Jean Dufaux et Renaud continuent de mettre Jessica Blandy au centre de meurtres et à la faire participer à l'enquête, cette fois-ci plutôt de bonne grâce. Renaud est toujours aussi impressionnant dans sa représentation des environnements de cette partie des États-Unis, tout en discrétion, mais toujours aussi précis et rigoureux (à l'exception des boules du boulingrin). Le scénariste diminue le niveau de déviance mentale, pour une enquête plus classique sur un assassin professionnel, pas complètement crédible. Il est probable qu'un lecteur découvrant la série avec ce tome ne serait pas entièrement satisfait, contrairement à un lecteur de longue date comblé de pouvoir retrouver cette héroïne, et prêt à consentir un peu plus de suspension d'incrédulité pour apprécier les éléments nouveaux.

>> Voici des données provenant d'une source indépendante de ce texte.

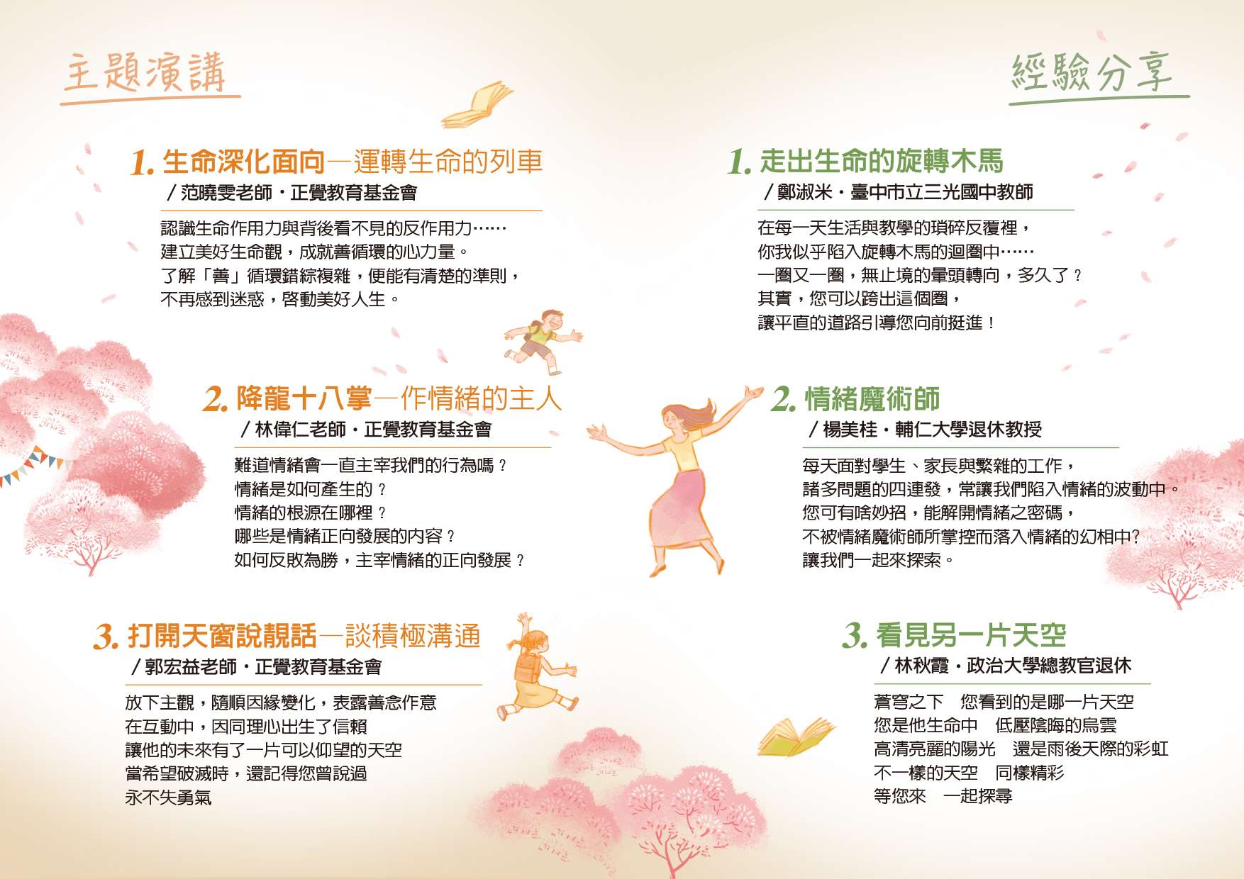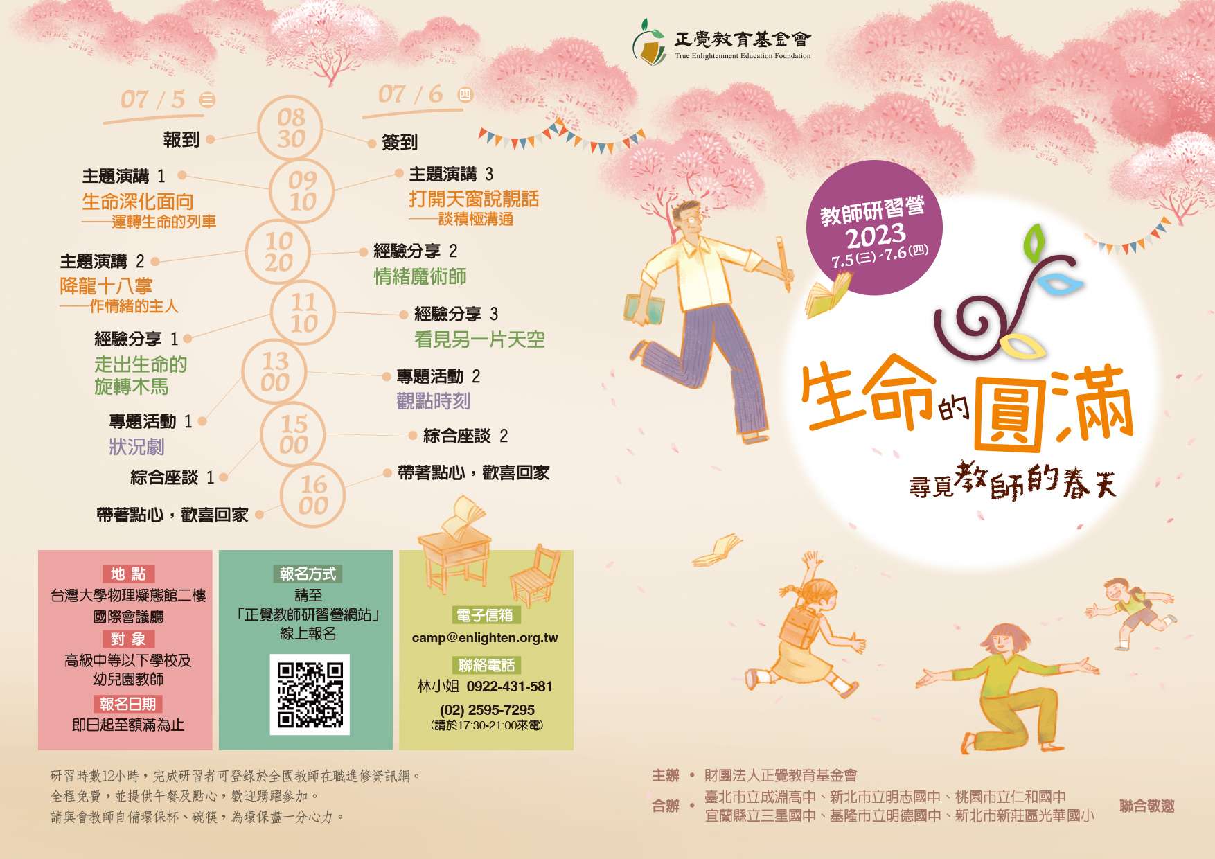 三、本校與財團法人正覺教育基金會合辦2023年生命教育「生命的圓滿——尋覓教師的春天」教師研習活動,規劃如下:
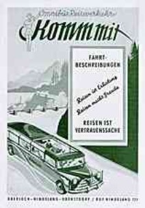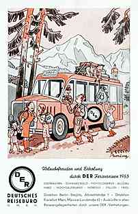 | |  | Deutsches Reisebüro GmbH (DER) - "Urlaubsfreuden und Erholung durch DER Ferienreisen 1953", Zeitschriftenwerbung | | Omnibus-Reiseverkehr "Komm mit" - Fahrtbeschreibungen - "Reisen ist Erholung - Reisen macht Freude - Reisen ist Vertrauenssache" | | "Omnibusfahrten 1953 Kreuz und quer durch Europa" |

"Renaud et Jean Dufaux ont produit 24 albums de Jessica Blandy entre 1987 et 2006, ce qui induit la question de se renouveler pour ne pas se répéter, mais aussi sans trahir les fondamentaux de la série." J'en déduis que jusqu'ici, tu es satisfait et tu trouves que le propos se renouvelle. Je suis curieux de voir quelle tournure cela va prendre dans les prochains tomes. Je trouve qu'il est difficile d'éviter la répétition.
RépondreSupprimerTu m'as fait marrer, avec ta "petite roche blanche trempée".
Le boulingrin ; je n'en avais jamais entendu parler !
Pour ce tome-ci, j'ai été un peu déçu par le scénario et son assassin à l'identité secrète, même si à la réflexion le métier d'assassin constitue déjà une belle déviance par rapport à la normale psychologique. Par contre, les dessins de Renaud me plaisent toujours autant.
RépondreSupprimerJe ne connaissais pas non plus le boulingrin et je suis aller chercher sur Google images pour savoir à quoi ça ressemble, chose que Renaud ne pouvait pas faire à l'époque.
Oui, c'est ce que j'ai compris. D'ailleurs, ta conclusion est sans équivoque. Le lecteur fidèle à la série de longue date sera plus enclin à digérer cette déception qu'un autre qui prend la série en cours de route. Ce qui est normal.